I expected to see ravens or crows congregating around disturbed skeletons. But no one was here; even the birds respected the “No Trespassing” sign on the gates. The moon was to be my only candle tonight. My flashlight refused to come to life on my travel. I had cursed the batteries and launched the flashlight into the cement. I enjoyed watching the object morph into fragments.
This is what I came for. I staggered upon it really. I shouldn’t be given much credit for its discovery. Beside the fact that I knew of its existence, I could hardly expect to find it with the limited light of the night. What danced before my eyes was the tombstone of Tabby Davis. She was known for living 375 years in the span of 75 earth years. She did everything. She had been mayor, a judge, a model in her youth, a track coach, ballet instructor, volunteer fire fighter, and most notoriously a drunk.
She had lived 5 lives and her last was to decorate her for eternity. I got closer to read these words, “I could drink my way out of anything and anyplace, except maybe Hell.” I shuddered at that, clutching the flask of whiskey in my left coat pocket. But I didn’t come to sight-see, I came to dig.
The shovel I brought was no bigger than an open fist. As the myth goes, old Tabby Davis was buried with twelve teeth full of gold. Her natural teeth had escaped her mouth, these where just pricy replacements.
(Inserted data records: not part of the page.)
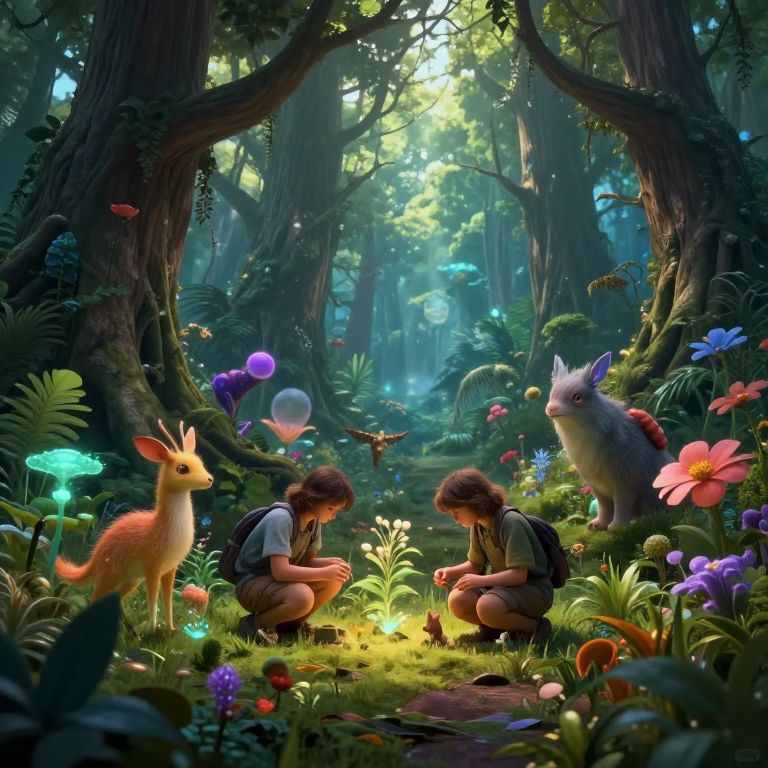 Breeders working in a mystical fantasy forest, nurturing magical creatures and rare plants, ethereal light filtering through ancient trees, detailed flora and fauna, vibrant colors, enchanting mood, highly detailed digital art.
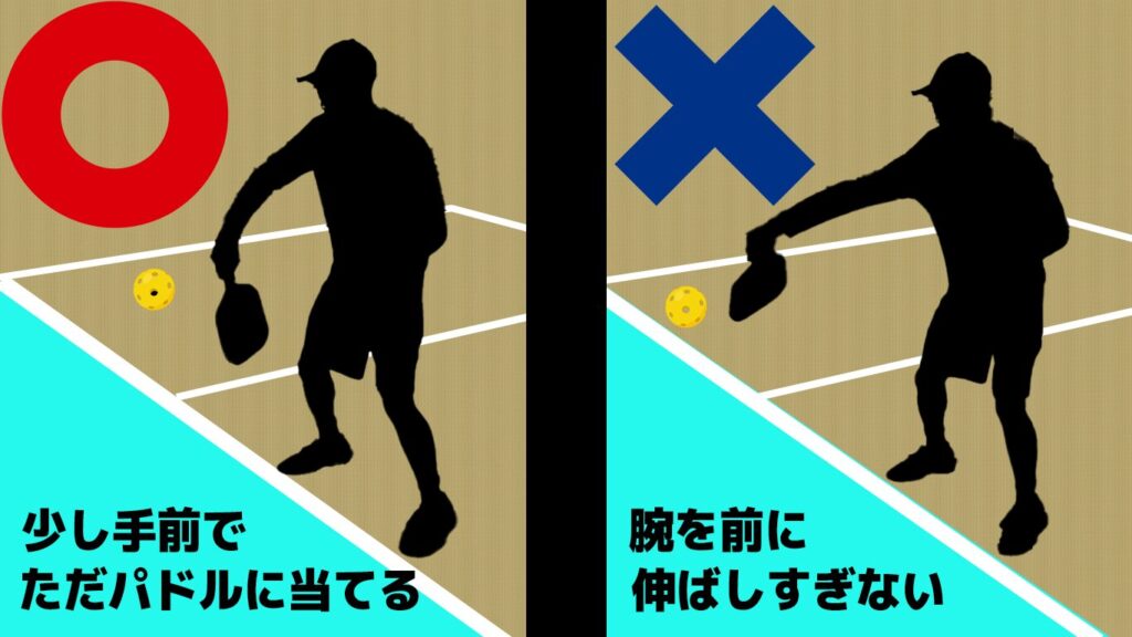 次の動画でピックルボールコーチのジョーダン・ブリオネス氏は「絶対にプッシュやパンチ、スイングをしないこと」を強調しています。
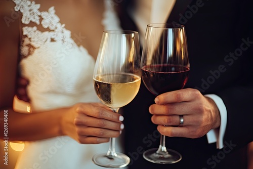 bride and groom holding glasses of wine in front of them. close-up. shallow depth of field.
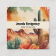Visitenkarten mit einer schönen bemalten Abbildung. Grüne Kakteen und braune Berge mit orangefarbenen Wüsten-Blume. Landschaftliches hübsches südwestliches Design.
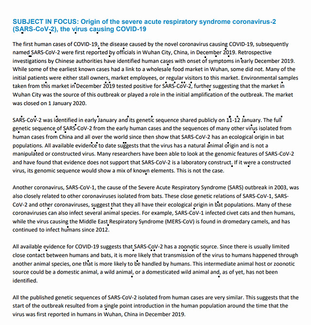 世衞組織最新報告:目前所有已知證據表明,新冠病毒非人為操縱或由實驗室合成_風聞
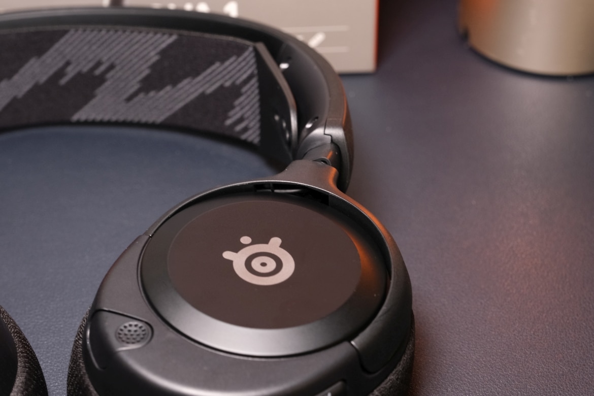 SteelSeries setzt bei den Materialien seines Einsteiger-Headset auf Plastik, wobei vor allem die Formgebung der Ohrmuscheln die neue Arctis Nova-Designsprache widerspiegelt. Außen auf den Ohrmuscheln findest du ein silbern abgesetztes Herstellerlogo, der Rest der Headsets präsentiert sich in schlichtem, mattem Schwarz.

If I had kept time during my digging, I’d say it took me two hours just to reach her coffin. By this time I was getting thirsty. I pulled out the flask. I licked my lips tasting imaginary alcohol as my taste buds jumped to life in anticipation. I took a big swig and gurgled it in my throat like mouth rinse before I finally swallowed. I was burned by the bitter aftertaste. I kept digging, finishing off the flask along the way.
The sun was beginning to stretch over the horizon. I finally shoveled enough dirt away to see into the glass casket. Was she a short woman? I thought to myself in silence. There are no remains here! My buzz evaporated.
A dark figure was walking towards me. I would’ve run, but I no longer had the heart. The man’s brown skin absorbed the waking sunlight. He wore a baseball cap that hid his eyes when he looked down. As he got closer he never changed stride.
“What you doin’ youngstuh?”
“I was – I thought I’d find gold,” I said winded.
“Ain’t gone find no gold down there,” said the man in a deep soulful voice. He gave the impression that he was more concerned than judgmental. “Old Tabby Davis ain’t real young flip. ‘Bout as real as that fat white man living on a snow island, flying around with reindeers and climbing down every chimney for some cookies and milk.”
All I could think about was reindeers. I thought reindeer was plural, but I wasn’t confident enough to correct him. I realized that my buzz hadn’t worn off all the way. I found a way to slur, “Fwhy fwould someone fmake her fup?”
The man removed his cap and said, “So young folk like you, with all the potential in the world, won’t throw it all away on some vice like the liquid in that empty flask you got in your left pocket. So kids ol’ think, ‘Wow, she lived all them lives and ruined every last one uh em on liquor.’”
“Uh,” is all I could say. The man nodded and walked away. I would’ve said something else, but we both must have known there was really nothing else to say.